● **INFORMATION SUPPLIED**:
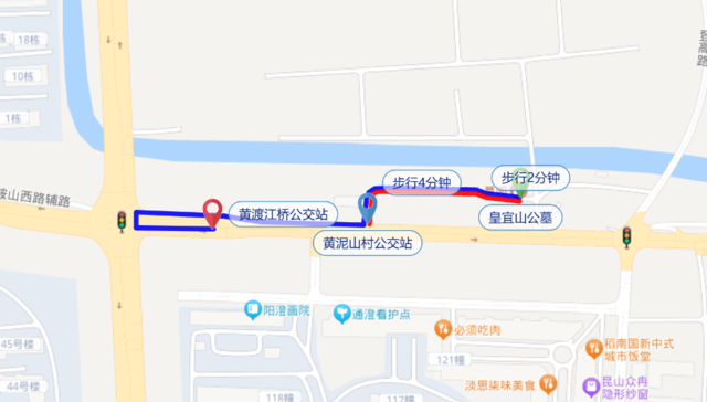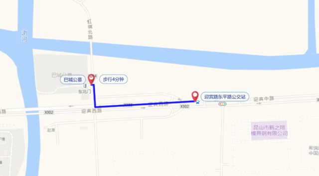 乘坐至迎宾路东平路(临时站)下车,步行约4分钟抵达巴城公墓
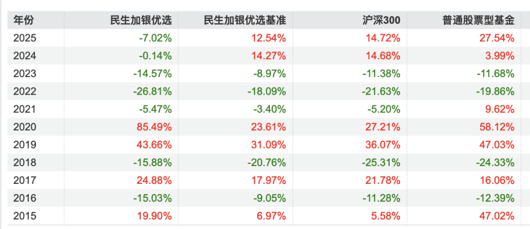但这只老牌基金,也不是只有今年才这么拉胯。从2021年到2025年,这只基金已经连续5年负收益。2015年来的11年,这只基金一共只有4年是正收益,而同类股票型基金,有7年是正收益。
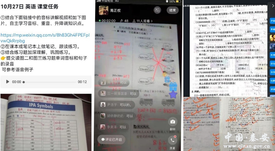 同心战疫,支教学生迎难而上。疫情期间,北京科技大学研究生支教团成员坚守岗位,利用国家中小学网络云平台、钉钉直播等方式进行了对三所学校近1000名学生进行线上教学,保质保量完成教学任务。同时,在教学过程中注重对学生的心理健康引导,尤其针对留守儿童等特殊群体,根据实际情况采用一对一辅导,保证不让一个学生掉队。教学之外,研支团成员充分发挥自身优势,以实际行动参与防疫工作:在陇城镇支教的杨文龙、刘硕响应当地政府号召,扛起大旗,走街入村,进行防疫政策宣传;在王尹镇支教的贾宜珍、焉正权主动参与王尹镇街道清扫工作,对全校进行彻底消杀,并自觉承担起疫情期间的值班任务;在兴国镇支教的曹震、郑子晗积极响应秦安县的疫情防控政策,得知宿舍被确定为集中隔离点之后,凌晨4点搬出宿舍,并将自费购买的移动式洗澡机提供给隔离区的医护人员使用。
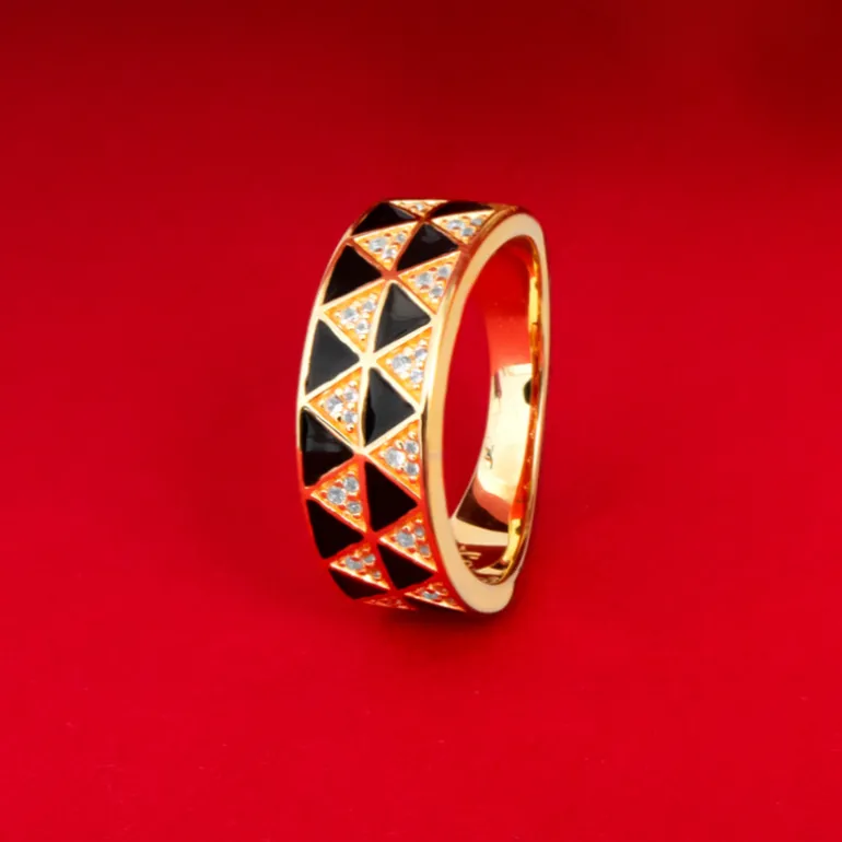 Entdecken Sie die geometrische Eleganz dieses atemberaubenden Rings aus vergoldetem 925er Sterlingsilber, der mit insgesamt 39 funkelnden weißen Topas-Edelsteinen aus den üppigen Ländern Brasiliens besetzt ist, die zusammen ein Karatgewicht von 0,117ct ergeben. Der präzise Rundschliff jedes Steins hebt seine Brillanz vor dem geometrischen schwarz-goldenen Muster hervor und sorgt für ein modernes und doch zeitloses Design, das jedes Outfit ergänzt. Egal, ob Sie sich für eine Gala herausputzen oder ein legeres Ensemble schmücken, dieser Ring verspricht, Ihrem Look einen Hauch von Raffinesse zu verleihen.

● **WORK REQUIRED**: Only the lines from the one with "但这只老牌基金,也不是只有今" through the last line of the listing belong in your answer; copy them exactly and skip the pictures.

● **RESPONSE**:
但这只老牌基金,也不是只有今年才这么拉胯。从2021年到2025年,这只基金已经连续5年负收益。2015年来的11年,这只基金一共只有4年是正收益,而同类股票型基金,有7年是正收益。
 同心战疫,支教学生迎难而上。疫情期间,北京科技大学研究生支教团成员坚守岗位,利用国家中小学网络云平台、钉钉直播等方式进行了对三所学校近1000名学生进行线上教学,保质保量完成教学任务。同时,在教学过程中注重对学生的心理健康引导,尤其针对留守儿童等特殊群体,根据实际情况采用一对一辅导,保证不让一个学生掉队。教学之外,研支团成员充分发挥自身优势,以实际行动参与防疫工作:在陇城镇支教的杨文龙、刘硕响应当地政府号召,扛起大旗,走街入村,进行防疫政策宣传;在王尹镇支教的贾宜珍、焉正权主动参与王尹镇街道清扫工作,对全校进行彻底消杀,并自觉承担起疫情期间的值班任务;在兴国镇支教的曹震、郑子晗积极响应秦安县的疫情防控政策,得知宿舍被确定为集中隔离点之后,凌晨4点搬出宿舍,并将自费购买的移动式洗澡机提供给隔离区的医护人员使用。
 Entdecken Sie die geometrische Eleganz dieses atemberaubenden Rings aus vergoldetem 925er Sterlingsilber, der mit insgesamt 39 funkelnden weißen Topas-Edelsteinen aus den üppigen Ländern Brasiliens besetzt ist, die zusammen ein Karatgewicht von 0,117ct ergeben. Der präzise Rundschliff jedes Steins hebt seine Brillanz vor dem geometrischen schwarz-goldenen Muster hervor und sorgt für ein modernes und doch zeitloses Design, das jedes Outfit ergänzt. Egal, ob Sie sich für eine Gala herausputzen oder ein legeres Ensemble schmücken, dieser Ring verspricht, Ihrem Look einen Hauch von Raffinesse zu verleihen.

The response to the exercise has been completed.